The first change you can make with CodeCommander is a mark, or a dictionary variable. Choice dictionary variable:

for(int <myVar>=0; <myVar> < 10; ++<myVar>)
{
<mySum> += <myVar>;
}

Now, here i have modified all text "i" and "sum" by myVar and mySum.

When i want to generate my new source code, a new window will appear and offer to me to type the content of the tips, hence the variables myVar and mySum.

About the titles
It's badly to only display the variable name. You should write a display text for each variable you create.
Then, for each variable you define in CodeCommander, you need to write a display text. In order to do this, you will have an asterik near of the variable name and by clicking into it, you are invited to write the display text of the variable. You shall write "Name of the index variable" for myVar and then "Name of the sum variable" for mySum.
Now, when you compile and test your source code, the new window shows the display text of the variables. And you can write "i" for myVar and "sum" for mySum.

There is no validation control into the window compiler. You can write any text into the text boxes. But, it's likely reasonable to validate against an expression.
Then, for convenience, you have several types and regular expressions you can use to validate the entries when the user compiles your source code :
  1. text
  2. integer or real
  3. boolean
  4. enumeration

About the window compiling
The window compiling is a window that comes in all dictionary variables you defined in the programming language of the compiler.
First, you can define a single variable: it's the couple name and value.
But, you can also define a tabular and their fields. In order to do this, you can choice a tabular dictionary variable : for example, <properties[0].myVar>.
You can insert any expression between the brackets of this statement. But, the expression can only contains scope variables.

Scope variables

What are scope variables ?
Scope variables are some variables related to the compiler.
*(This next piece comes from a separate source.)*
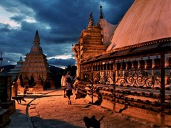 下午开始加德满都河谷宗教文化之旅:前往加德满都“杜巴广场”(DURBAR SQUARE,联合国人类文化遗产),参观新皇宫、故宫哈禄曼多卡宫,皇宫门口由以英勇善战而闻名的廓尔卡士兵守卫。古朴精致的活女神庙(KUMARI)、赋予加德满都城市名的独木庙、塔莱珠女神庙见证了尼泊尔数世纪的风风雨雨。然后参观印度教圣庙“帕斯帕提那寺”(Pashupatinath),与印度教苦行僧合影,运气好的话能惊见印度教徒火葬。最后参观尼泊尔的地标建筑--“博达哈大佛塔”(Boudhananth,联合国人类文化遗产)。晚餐在一家尼泊尔式餐厅,品尝独特风味的尼餐并观赏歌舞表演。

There are only available in the context of the compiler and not viewed by the user.
Scope variables are defined in :
  1. global program
  2. local in a process

What is a Process ?
A process is simply a sub-routine that you call from any other processes (also the global process) in order to go through the sub-routine.
Then, if you name a scope variable at a moment, the variable is known by all sub-processes you can call. When an ancestor variable has changed during a process, changes are known beyond the end of process. When you back to the top-most process, the variable is set to the last value.


Loops
The next change you can do is to add a condition. For this, it's a little picture to know about a branch out in a turing machine.

When you add a condition statement, first, you have to write an expression which returns true or false. Then, you have to declare two branch out labels. One for the true, and one another for the false.

For example, a condition will be if(size > 0; start; end).
start is the true label. When the expression returns true, the compiler goes to the true label.
end is the false label. When the expression returns false, the compiler goes to the false label.

If one label doesn't exist, the compiler fails during execution when it wants to move to that label.
Also, labels are never checked during the loading pass.
It's ensures that if your expression always returns true, you can type a fake label into the false condition statement. Then, you don't need an automatic "go to" statement. Use a condition instead of.

Using a condition is relevant when you would like to create a loop.

Here there is a loop:

<i = 0>
<start:>
Hello world

<i=i+1>
<if(i<10;start;end)>
<end:>

Templates
It's not only difficult to write all the loops among your customization development. It's very fastidious too.
Then, to simplify the usual case of loops, I have defined a new statement in the compiler : a template.
A template has a name and a path. A path is used when you want to write a template for multiple programming languages. The couple path and name must be unique for identifying your template for a call.

A template can include some named parameters. A parameter is a name associated with a value like :
  • any expression including additions, comparisons and so on,
  • a simple alphanumeric character chain,
  • a name of a variable existing in the scope and also a new variable name within a new process.

The big trip of a template is : It is an identity replacement of the named parameter with the value given at the moment of a call template. The transformation of a template is exactly similar to a replacement string.

I'm explaining that concept here :
  1. the template implementation is its responsibility to indicate the named parameter where it's usable.
  2. the name of a variable must replaced at the right places : an assignment statement or an expression.

Example:
<template path="/" name="loop">
<params>
<param name="counter"/>
</params>
<$counter = 0>
<start:>
Hello world
<$counter=$counter+1>
<if($counter<10;start;end)>
<end:>
</template>

As you call that template, the defined $counter variable as parameter will be set to i.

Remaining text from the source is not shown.